Thursday, September 27, 2012

A Warning...?
(begun Wednesday 26th September at 12.01pm.)

*As yov can see we have the Idiot mischief-maker in ovr PC again, so bear with the replacement V*

You'd (hmm.. aaaaand it's back, pfft...) think that using the garden shears would have Millie in a fury, or my broken wrists shrieking to high heaven..  It's not like that at all, and though her appearance is against her, she's astonishingly well-behaved unless she's provoked by the Sadist, and the same applies to my burned-dry-of-cartilage wrists/hands....
I'd finished cutting back the bouganvilla on the rockery, and had gone down to the second terrace by the roses where I'm so neatly lined up to Balliram's enhancer and the overheads on Jan Smuts.  Blam!  A single Knife to the Back at the precise moment No. 16's house alarm kicked in, and ran it's course.. *chokes..

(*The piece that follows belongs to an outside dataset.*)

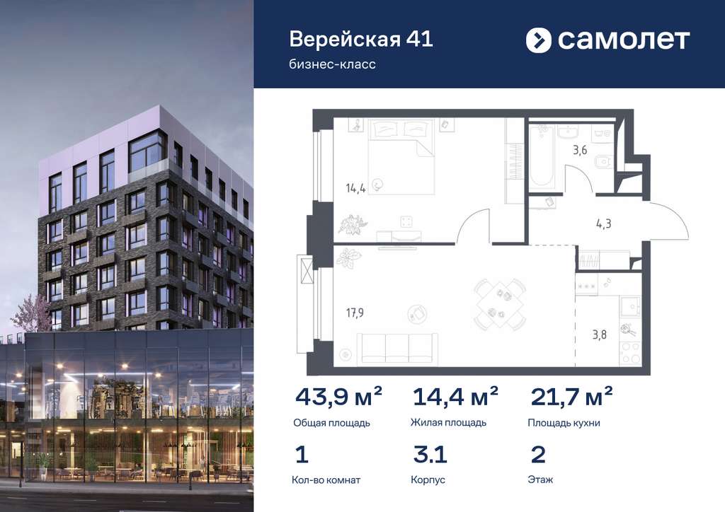 Строим кварталы для жизни с заботой о будущем. Предлагается 1-комнатная квартира бизнес-класса 43,91 кв. м в корпусе 3.1 на 2 этаже, в «Верейская 41»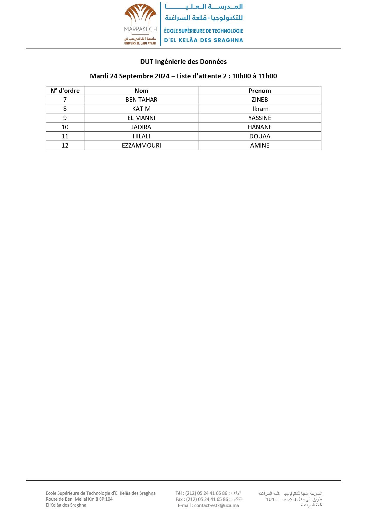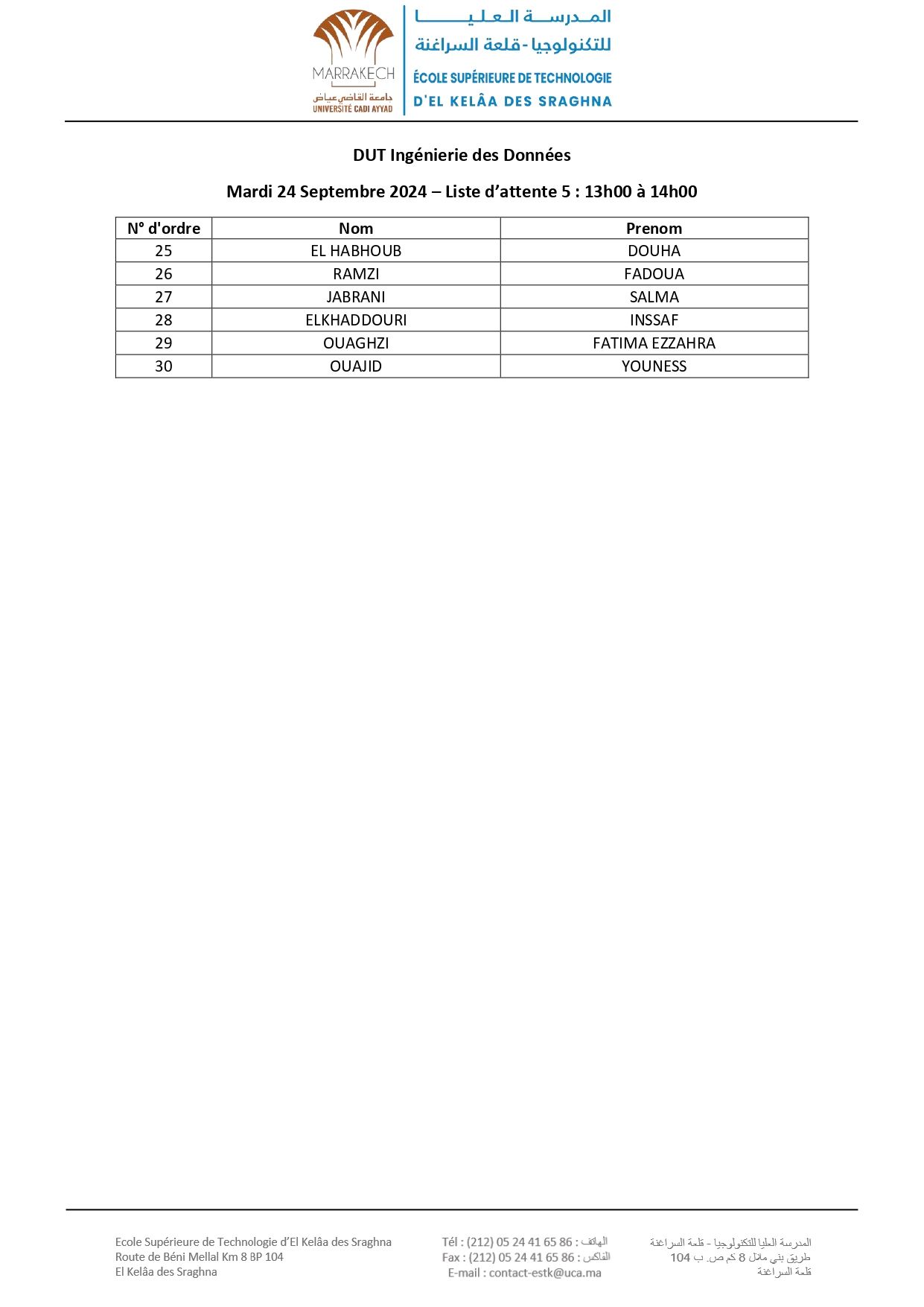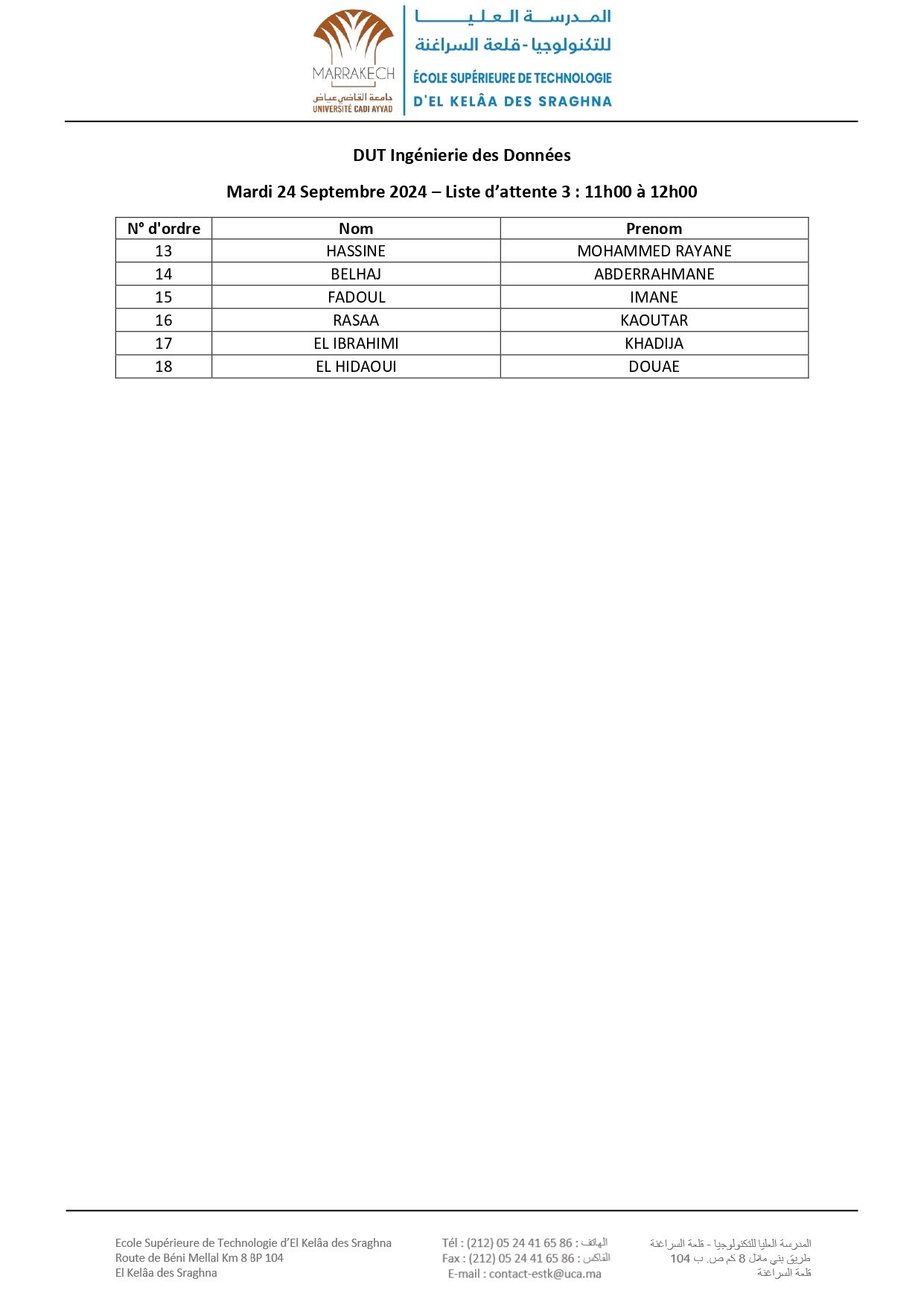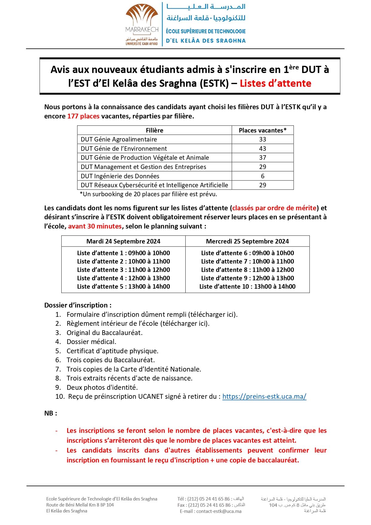 Avis aux nouveaux étudiants admis à s'inscrire en 1 ère DUT à l’EST d’El Kelâa des Sraghna (ESTK) – Listes d’attente : Filière Ingénierie des Données23 Sept 2024

You'll have to forgive my stumbling guesses at this point, for my Controller is successfully weaving a muddling web of lies and misconception, to ultimately confuse the issue and save his rotten hide.. I can only surmise that at 10.55am the Pervert attempted to bounce an attack into ours from No. 16, though I've obviously no idea whether Prameet was home at the time, or on duty in ours.. *shrugs...
After that, I was left to finish up in the garden before I went to sit in the lounge and sort out the pile of newspapers..  Not in my usual chair that's so neatly lined up for the target practise sessions, but the one by the phone, and I'd had no pain or discomfort at all....
By 11.45am I'd finished tidying up and went and sat in my chair to watch the end of Come Dine with Me, and it had taken just five minutes before the first stab of what you like to pretend is only a VIRTUAL blade, hit Millie dead on.. *blinks..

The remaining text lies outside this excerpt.